This week, Microsoft announced sweeping cuts to its Xbox division, including 1,600 immediate layoffs, another 1,600 job cuts in the next fiscal year, and the closure or sale of four studios. Xbox CEO Asha Sharma has been candid about the reasons, stating in a memo that the business is “not healthy.” Speaking to Fortune, she added, “we simply spread ourselves too thin.”
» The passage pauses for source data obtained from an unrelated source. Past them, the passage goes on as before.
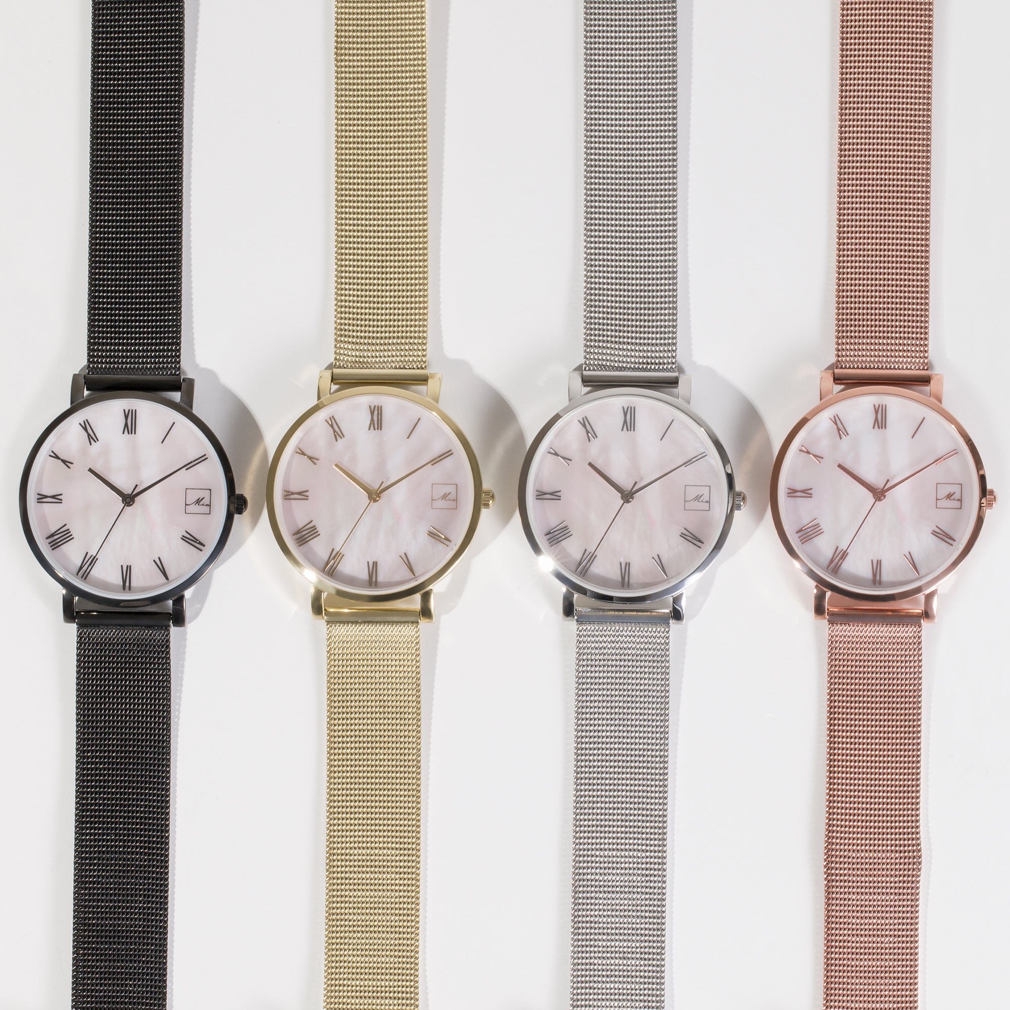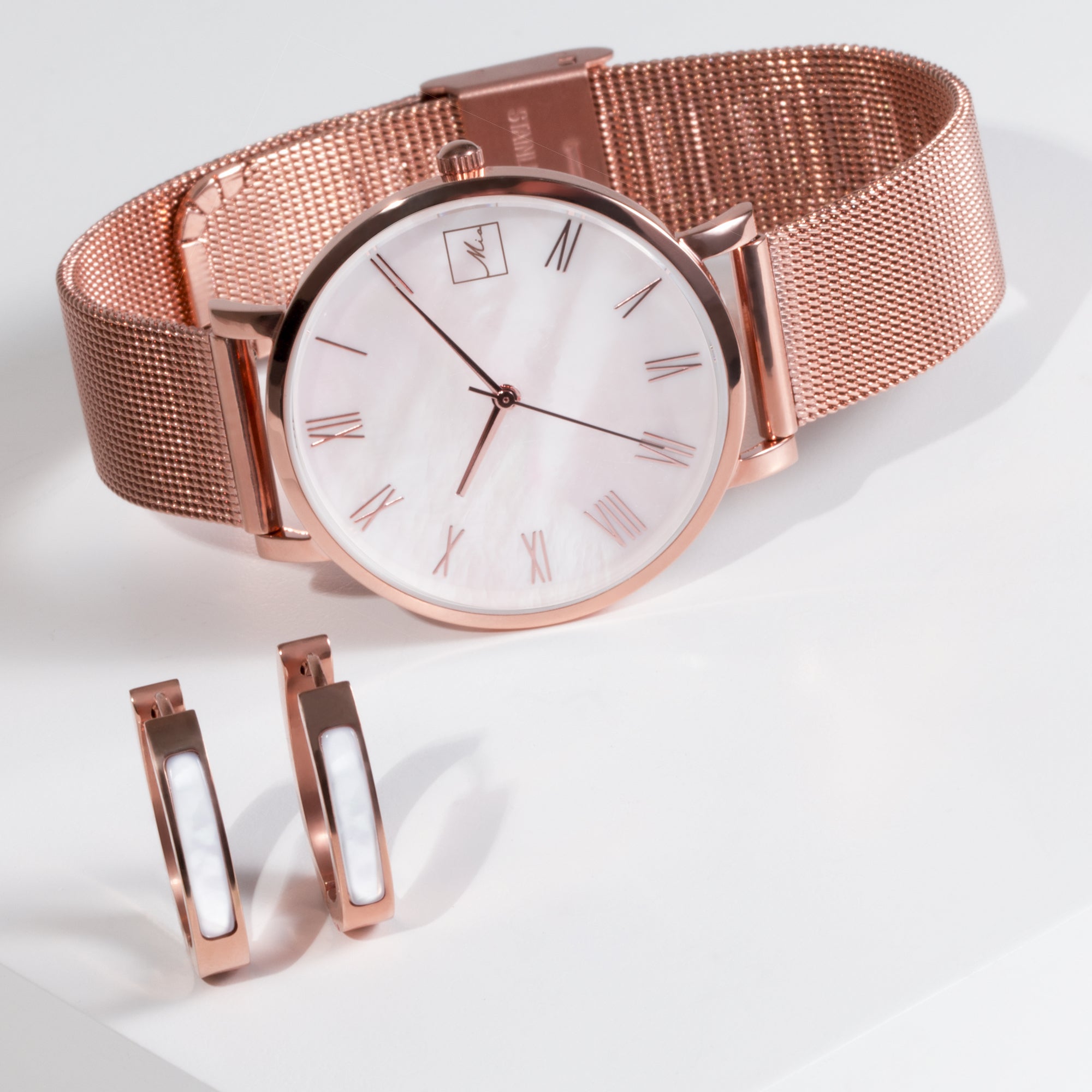 AdjustableHypoallergenicRose gold PVD platingLight pink mother of pearl dial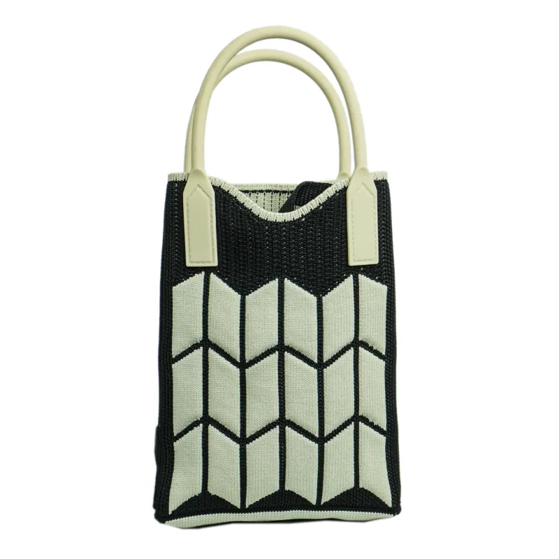 This elegant knitted crossbody bag showcases a modern geometric pattern, making it a perfect blend of style and sophistication. Designed with premium knitted fabric, it offers durability and a soft texture, while the sturdy synthetic leather handles provide a comfortable grip. The adjustable woven fabric strap ensures versatility, allowing for effortless carrying. Ideal for both casual and formal occasions, this bag combines practicality with a sleek aesthetic.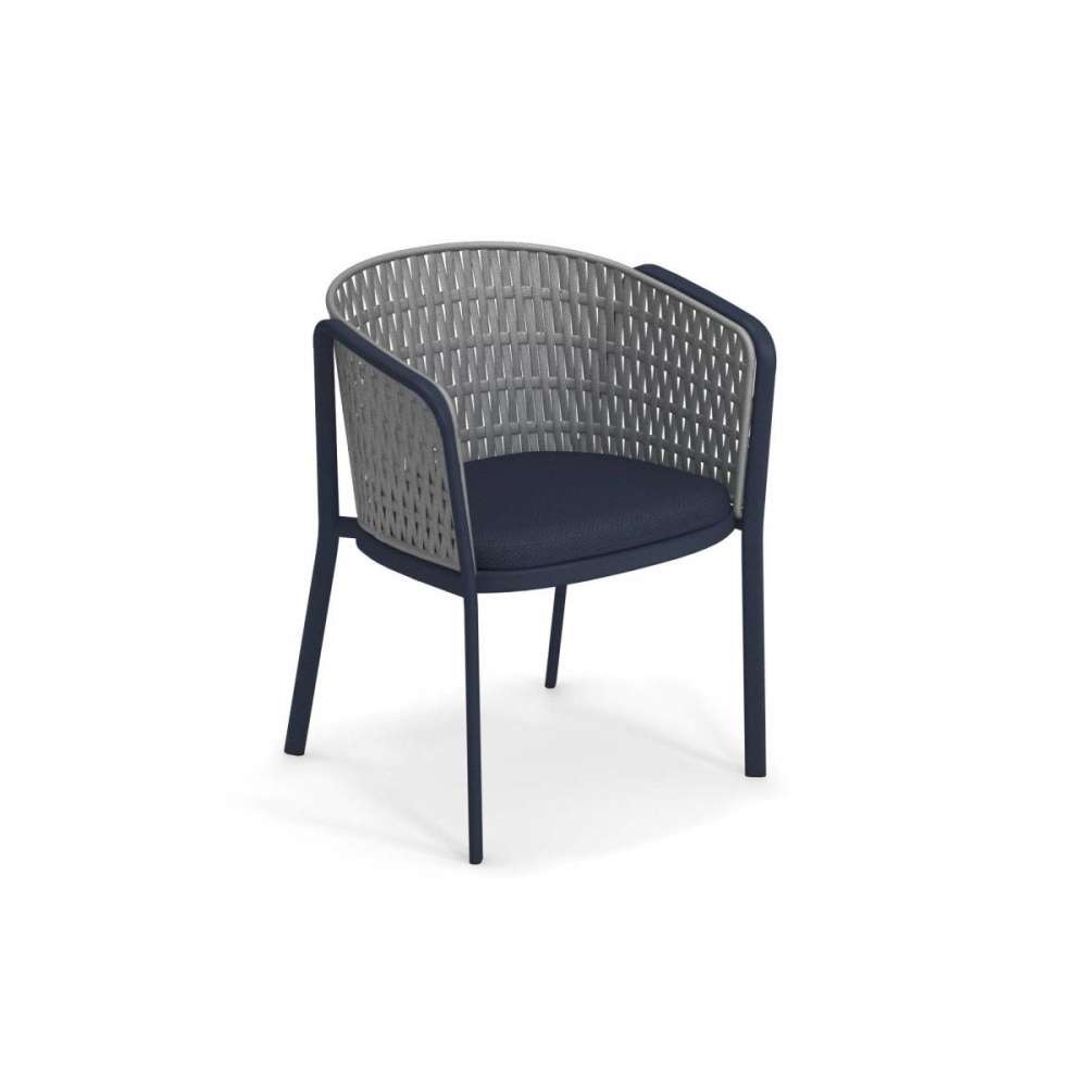 Aby stworzyć produkt designerski o ręcznym wyglądzie zgodnym z wymogami przemysłowymi: to jest wzornictwo przemysłowe. Podejście to skłoniło do zastosowania wielu materiałów na obicie krzesła, które niczym w karuzeli karuzeli przypominają misterną metalową sztalugę, charakterystyczny znak umiejętności technicznych i produkcyjnych EMU. Na jednej ramie możliwe są różne kolory i kombinacje. Techniczna wersja tkaniny (odpowiednia do użytku na zewnątrz) jest wynikiem dogłębnych badań, specjalnego procesu formowania ciśnieniowego, który tworzy kształty zapewniające maksymalny komfort siedziska i oparcia, a także wysokiej jakości właściwości mechaniczne. Wszystkie te cechy składają się na niepowtarzalny charakter tego krzesła. Jeśli chodzi o wersję intervowen, projektant zdecydował się przywołać naturalne i ciepłe odcienie, które wspierają użytkowanie w kilku środowiskach. Konstrukcja jest wykonana z aluminium, ponieważ materiał ten gwarantuje bardziej konkurencyjne wyniki na zewnątrz. Podłokietnik wykonany ze specjalnego aluminiowego profilu obejmuje i przypomina wewnętrzną geometrię ręcznie wykonanego drewna i poprzez trójwymiarowy ruch definiuje elegancki, kultowy znak.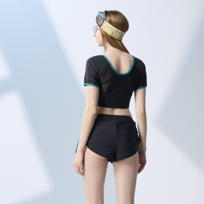 台灣製 少女墨綠修身短袖二件式 泳裝 限量發售
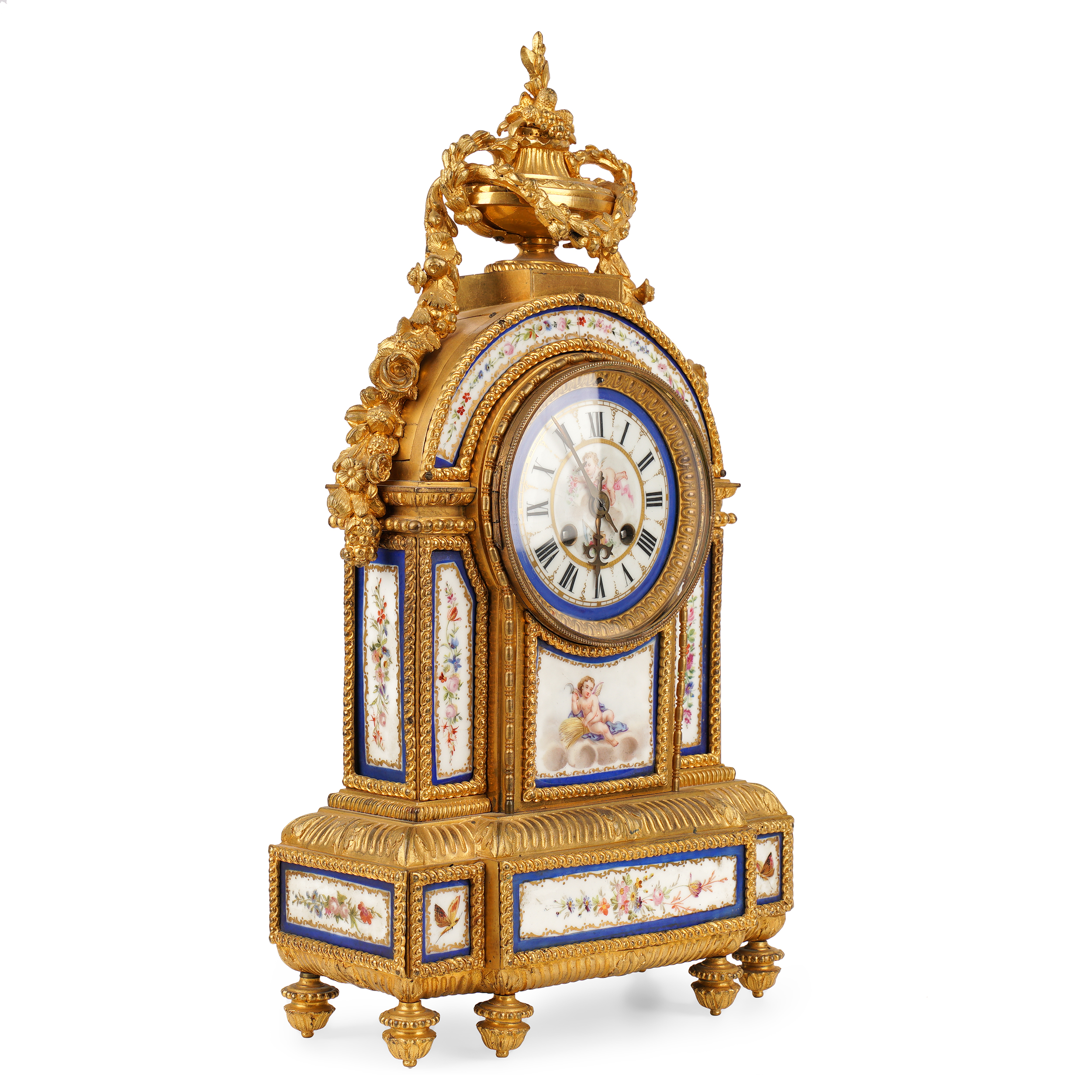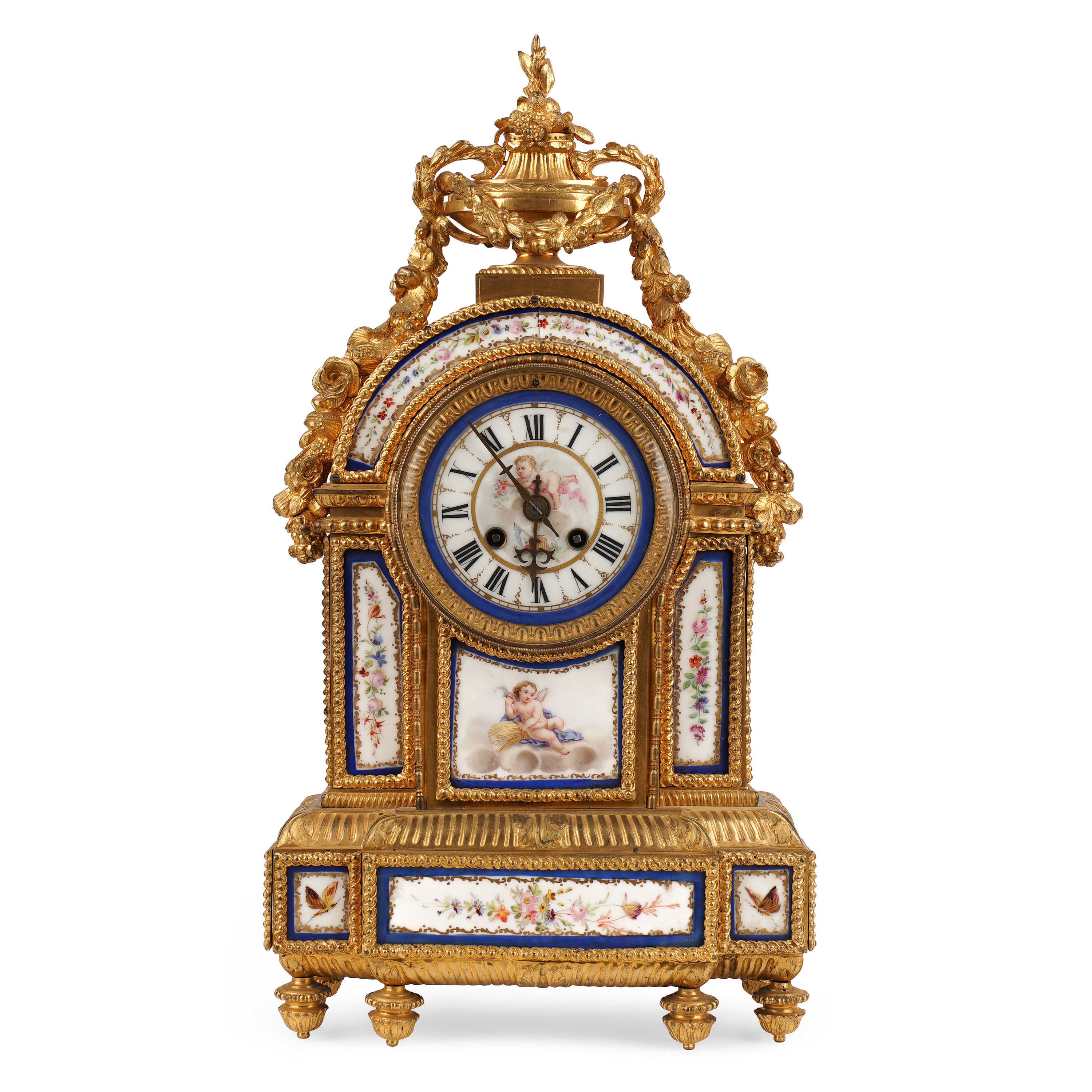 Корпус украшен свисающими по бокам гирляндами дамасских роз и навершием в виде стилизованной вазы. Бронза, литье, золочение, чеканка, фарфор, полихромная роспись, монтировка; эмалевый циферблат с росписью в медальоне, с римскими цифрами часов и делением на минуты, стрелки вороненые, Севрская или Лиможская мануфактура, Франция, 1880-е годы, размер (в/ш/г):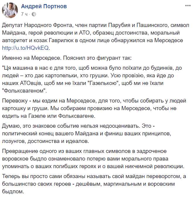 Юрист Андрей Портнов назвал историю с "Мерседесом" Гаврилюка "политическим концом Майдана":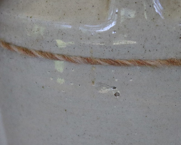 Crock has a small glaze pop on the back as shown. Expected wear on the bottom. No cracks or chips to report and the condition is great.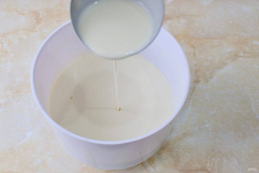 Влейте растительное масло и молоко. Подсыпайте муку и замешивайте тесто.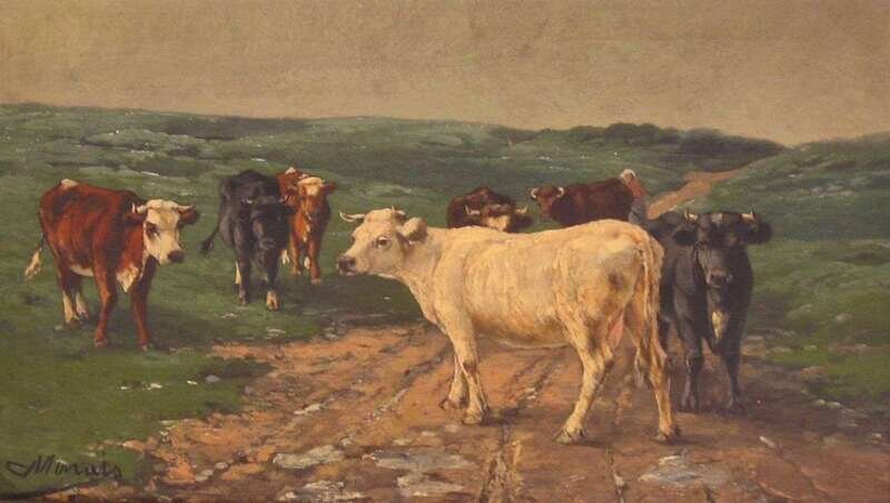 MORAIS (FRENCH 19TH CENTURY) COWS ON A COUNTRY PATH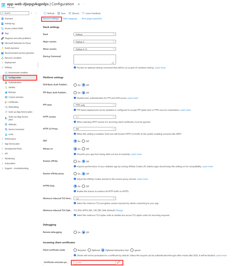 The following screenshot shows how to set a certificate exclusion path. In this example, any path for the app that starts with /public doesn't request a client certificate. Path matching isn't case specific.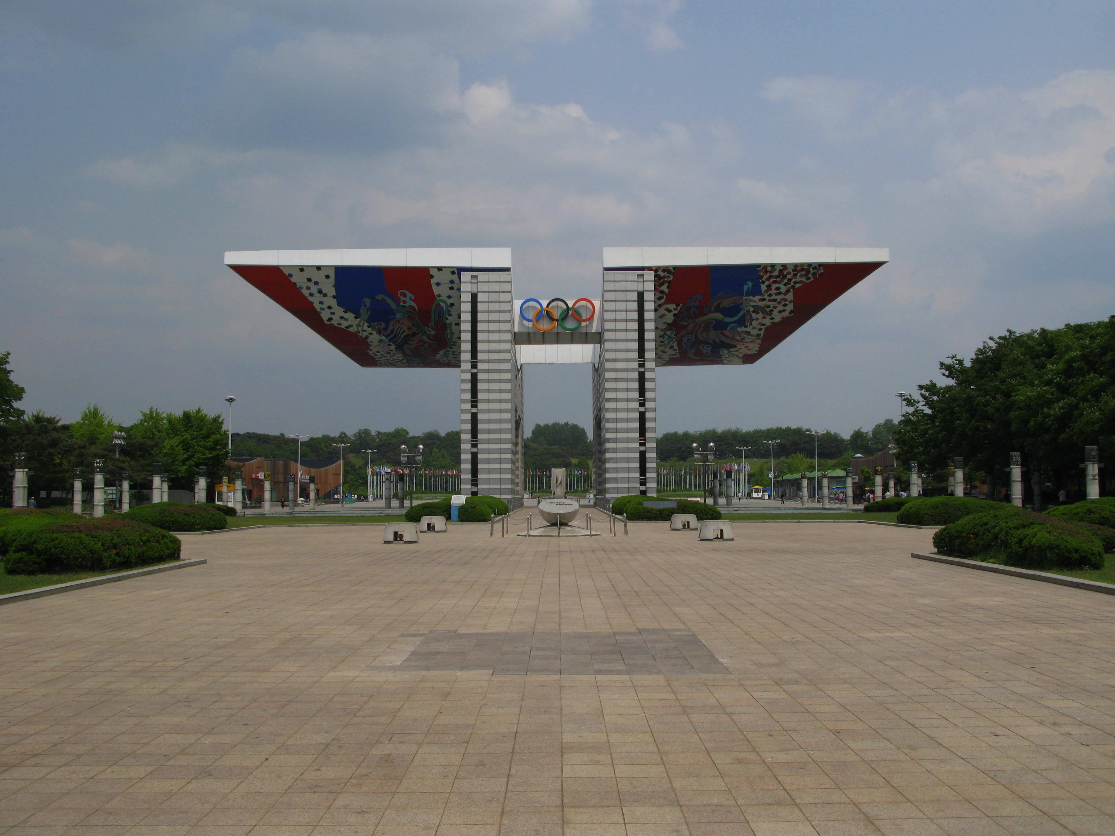 It hasn’t been since 1988 that the Korean Peninsula played host to the Olympics – the Games of the XXIV Olympiad, set in Seoul during not winter but summer. Olympic Park, in the north of the city, is a massive green lung, containing numerous athletic venues, sculptures, and this stunning entryway, World Peace Gate, beneath which burns the eternal flame.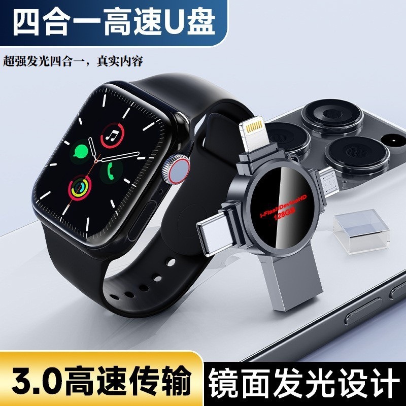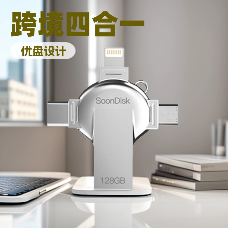 批发跨境旋转金属四合一手机U盘适用平果安卓128G大容量typec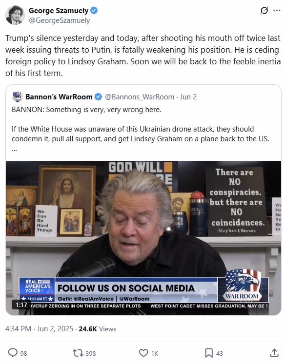 After two days of deafening silence from the White House on Ukraine's Sunday massive drone assault, dubbed 'Operation Spider's Web' - which took out many key Russian aircraft, including long-range strategic bombers and likely even Russia's extremely rare A-50 Radar Plane - President Trump has finally reacted publicly.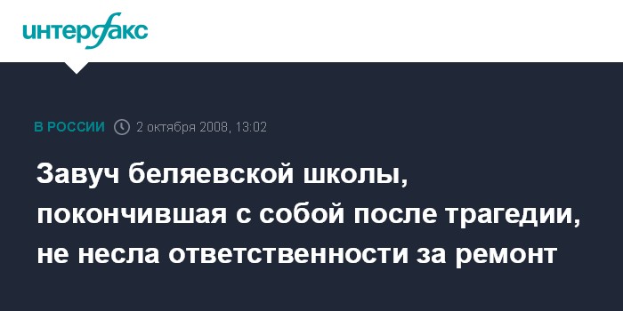 "Учительница, покончившая сегодня жизнь самоубийством, никаким образом не была связана с организацией и проведением ремонтных работ в школе. Отсюда можно сделать выводы, что ее вины в произошедшем быть не может", - сказала Линькова.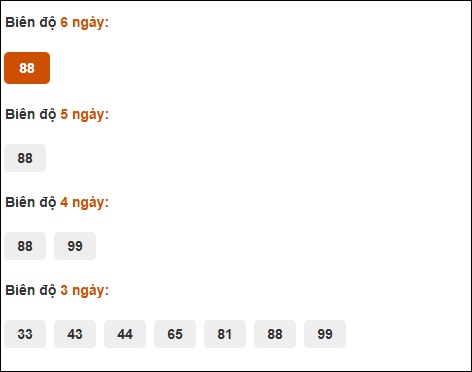 Đầu 9: 6 ngày, Đầu 7: 5 ngày, Đầu 2: 3 ngày, Đầu 8: 3 ngày, Đầu 0: 1 ngày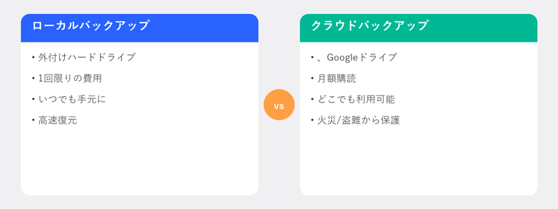 バックアップとは、単に別の場所にあるファイルのコピーです。元のファイルが失われた場合は、バックアップから復元できます。バックアップがなければ、高価な専門のデータ回復サービスに依存することになりますが、それらのサービスでも常にすべてを保存できるとは限りません。

Strategic Shift and Potential Sale
Given the scale of the changes and Xbox’s vague strategy of focusing only on big games, the future of the platform is uncertain. As Microsoft invests heavily in AI, a struggling consumer business may no longer fit. This opens the possibility that Microsoft could exit gaming entirely by selling Xbox. According to New York University professor Joost van Dreunen, “A wholesale divestiture of Xbox remains on the table, and it looks likelier given Xbox’s struggles with rising hardware costs and Microsoft’s focus on AI and infrastructure. It’s never been clear what role Xbox plays in Microsoft’s flywheel.” However, van Dreunen notes a full sale is the “less likely path,” as few buyers would want “an entire interactive-entertainment conglomerate running north of $23 billion in annual revenue.”
Xbox's Current Portfolio
Despite the cuts, Microsoft retains a vast array of assets under Xbox. It operates a hardware business selling Xbox Series X/S consoles and has teased a next-generation console, codenamed Project Helix. Its studio roster includes Halo Studios, Bethesda Game Studios, Mojang Studios (Minecraft), Call of Duty studios (Infinity Ward, Treyarch), The Coalition (Gears of War), Playground Games (Forza Horizon, Fable), Blizzard Entertainment (Overwatch, Warcraft), King (Candy Crush), and Rare (Sea of Thieves).
Few Potential Buyers
Yoshio Osaki, president and CEO of IDG Intelligence, told The Verge, “I think all options are on the table, considering the drastic measures already put in place to try and restructure the business at both a cyclical and structural level.” He noted that while companies like Tencent might have explored a wholesale purchase in earlier years, Tencent is now stepping back from game investments, reportedly seeking exits in Japan. Other groups like NetEase and Savvy Games Group have also pulled back. Large tech companies like Meta are divesting from games, and Amazon focuses on Luna cloud gaming and tie-ins with properties like James Bond and Tomb Raider. Entertainment firms Netflix and Disney have veered away from major gaming M&A. Netflix has let go of indie titles and a AAA studio, favoring TV games controlled via smartphone. While Candy Crush or Minecraft might fit Netflix, blockbuster franchises like Halo or The Elder Scrolls seem unlikely to translate to a TV party game.
Prohibitive Cost
Microsoft’s asking price for Xbox is unknown, but recent gaming megadeals suggest it would be prohibitively high. EA’s take-private deal valued the company at $55 billion, and Microsoft acquired Activision Blizzard for $68.7 billion. The entirety of Xbox, including franchises, studios, and hardware, would cost significantly more. Van Dreunen believes the more likely scenario is that big players might go after “specific pieces” of the business. Osaki similarly notes that “individual studios, IPs, and teams are sold or spun off piecemeal.” Microsoft has already allowed Compulsion Games and Double Fine Productions to go indie, while Ninja Theory and Undead Labs were sold to unspecified buyers.
Future Outlook
Sharma has been in her role less than six months, so the full impact of her decisions may take time. Remaining studios are focused on household names like Halo, Call of Duty, Warcraft, Minecraft, and Candy Crush, signaling a focus on big properties. Sharma is elevating Mojang and King to report directly to her, calling them “platforms” and “our largest by monthly active players.” She believes Microsoft underinvested in Minecraft and has appointed Helen Chiang, former corporate VP of Minecraft, as Xbox’s first COO. Opinions on when Xbox’s future will become clear vary: Osaki thinks by “year end,” while van Dreunen says within 24 months. Van Dreunen notes, “As Microsoft looks to free up cash for its AI build-out, scaling Xbox back, or selling off parts of it, starts to look worth it.”